European Central Bank President Mario Draghi comments on interest rates, inflation, and the economy.
He made the remarks at a press conference in Frankfurt today after ECB policy makers left the benchmark interest rate at a record low of 0.50 percent.
On monetary policy stance: Underlying price pressures in the euro area are expected to remain subdued over the medium term. In keeping with this picture, monetary and, in particular, credit dynamics remain subdued. Inflation expectations for the euro area continue to be firmly anchored in line with our aim of maintaining inflation rates below, but close to, 2 percent over the medium term.
We are not at all oblivious to the fact that inflation in the medium term undershoots our objective of inflation close to or below 2 percent.
Our monetary policy stance continues to be geared towards maintaining the degree of monetary accommodation warranted by the outlook for price stability and promoting stable money market contitions. It thereby provides support to a gradual recovery in economic activity in the remaining part of the year and in 2014.
Looking ahead, our monetary policy stance will remain accommodative for as long as necessary.

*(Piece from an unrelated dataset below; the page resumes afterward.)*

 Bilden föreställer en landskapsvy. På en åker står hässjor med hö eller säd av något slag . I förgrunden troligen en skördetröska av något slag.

On economic outlook: Looking ahead to the rest of the year and to 2014, euro area export growth should benefit from a gradual recovery in global demand, while domestic demand should be supported by the accomodative monetary policy stance as well as recent gains in real income owing to generally lower inflation.

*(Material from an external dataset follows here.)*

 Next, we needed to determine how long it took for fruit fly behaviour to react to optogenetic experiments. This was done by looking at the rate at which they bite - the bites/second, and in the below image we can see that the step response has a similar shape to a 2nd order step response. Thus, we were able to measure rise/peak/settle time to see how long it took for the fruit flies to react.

The remaining necessary balance sheet adjustments in the public and private sectors will continue to weigh on economic activity. Overall, euro area economic activity should stabilize and recover at a slow pace.
Now we start seeing possibly the first signs that this significant improvement in confidence and interest rates is finding its way through to the economy.
On risks to the economic outlook: The risks surrounding the euro area economic outlook continue to be on the downside.
Other downside risks include the possibility of weaker than expected domestic and global demand and slow or insufficient implementation of structural reforms in euro area countries.
Annual inflation rates are currently expected to temporarily fall over the coming months.
Underlying price pressures are expected to remain subdued, reflecting the broad-based weakness in aggregate demand and the modest pace of the recovery. Medium to long-term inflation expectations continue to be firmly anchored in line with price stability.
On bank funding: Since the summer of 2012, substantial progress has been made in improving the funding situation of banks and, in particular, in strengthening the domestic deposit base in a number of stressed countries.
It’s essential that the fragmentation of euro area credit markets declines further and that the resilience of banks is strengthened where it is needed.
On fiscal reforms: To bring debt ratios back on a downward path, euro area countries should not unravel their efforts to reduce government budget deficits.
On forward guidance: The Governing Council confirms that it expects the key ECB interest rates to remain at present or lower levels for an extended period of time.
In terms of compressing volatility it was successful, and in terms of short term rates it was partly successful.
There was a discussion whether we should repeat these words each and every time. Because of an excessive prudence, we repeat them today. But we may not repeat them if we judge that you and the markets understand that a certain forward guidance is valid until further notice.
In other words, we may not repeat if we are convinced that you and the markets understand that if we don’t say anything, it doesn’t mean that we have changed our mind -- it means we stay with the same mind until we do change mind.
You have all the parameters in your hands to judge the length of time, especially about when the language of forward guidance might be changed.
On liquidity measures: Liquidity will remain abundant. It will remain ample as long as needed.
Current expectations of rate hikes in money markets are according to our assessment unwarranted.
On the possibility of deflation: If we define deflation as a generalized fall in the price level across broad categories of assets, sectors, in a context of self-fulfilling expectations, we don’t see deflation in any country in the euro area.